▶ [ACTION ITEM] Keep every word of the listing and reproduce it exactly, but set aside any image found there.

▶ [SOURCE MATERIAL]
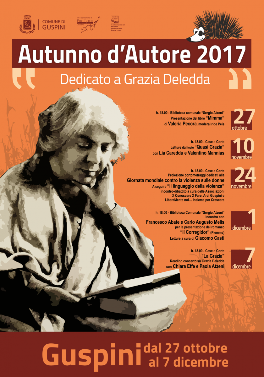 Autunno d’autore 2017, la kermesse culturale che ha animato gli ultimi mesi di Guspini, è giunta alla sua conclusione. Come è noto, quest’anno la manifestazione è stata dedicata alla scrittrice Grazia Deledda e il 7 dicembre 2017 alle 18 andrà in scena l’ultimo appuntamento a Case a corte: il reading - concerto "La Grazia” ad opera delle cantanti e musiciste sarde Chiara Effe e Paola Atzeni, due tra le voci più giovani e promettenti dell’intero paese.
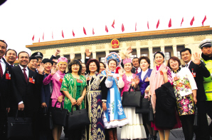 十三屆全國(guó)人大一次會(huì)議開(kāi)幕前,少數(shù)民族代表身著盛裝,在人民大會(huì)堂前留影。 本報(bào)記者 張國(guó)欣攝
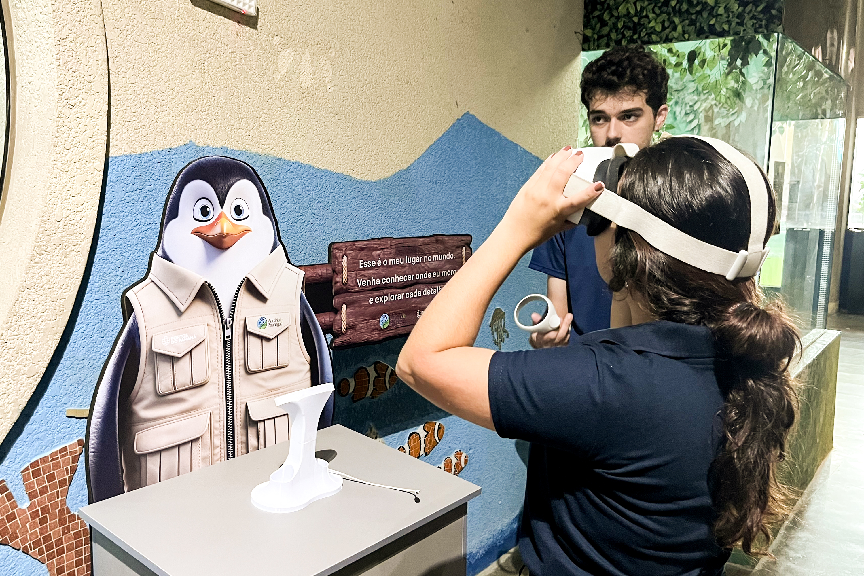No mesmo espaço, foram disponibilizados óculos de realidade virtual, permitindo que os visitantes visualizem as aves em seu ambiente natural. Existem cerca de 18 espécies de pinguins descritas no mundo e, ao contrário do que muitos imaginam, apenas cinco vivem no gelo. Ainda assim, todas habitam ambientes frios como as praias da Patagônia, onde as temperaturas variam entre 10°C e 15°C durante a maior parte do ano.
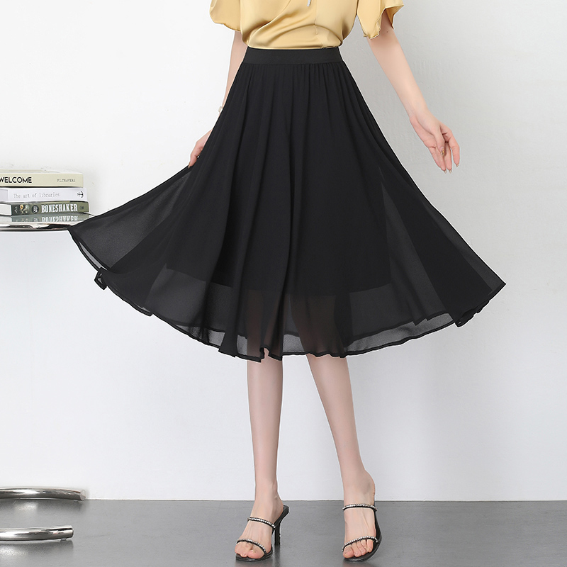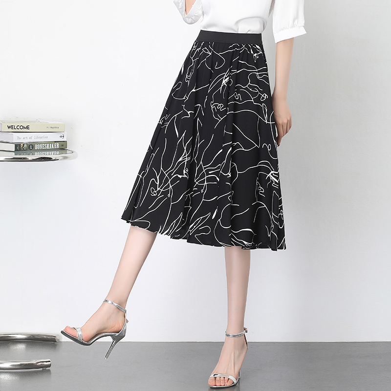 印花雪纺垂感半身裙女夏2023新款中长款百褶裙宽松显瘦a字大摆裙

▶ [RESPONSE TO THE TASK]
 Autunno d’autore 2017, la kermesse culturale che ha animato gli ultimi mesi di Guspini, è giunta alla sua conclusione. Come è noto, quest’anno la manifestazione è stata dedicata alla scrittrice Grazia Deledda e il 7 dicembre 2017 alle 18 andrà in scena l’ultimo appuntamento a Case a corte: il reading - concerto "La Grazia” ad opera delle cantanti e musiciste sarde Chiara Effe e Paola Atzeni, due tra le voci più giovani e promettenti dell’intero paese.
 十三屆全國(guó)人大一次會(huì)議開(kāi)幕前,少數(shù)民族代表身著盛裝,在人民大會(huì)堂前留影。 本報(bào)記者 張國(guó)欣攝
No mesmo espaço, foram disponibilizados óculos de realidade virtual, permitindo que os visitantes visualizem as aves em seu ambiente natural. Existem cerca de 18 espécies de pinguins descritas no mundo e, ao contrário do que muitos imaginam, apenas cinco vivem no gelo. Ainda assim, todas habitam ambientes frios como as praias da Patagônia, onde as temperaturas variam entre 10°C e 15°C durante a maior parte do ano.
 印花雪纺垂感半身裙女夏2023新款中长款百褶裙宽松显瘦a字大摆裙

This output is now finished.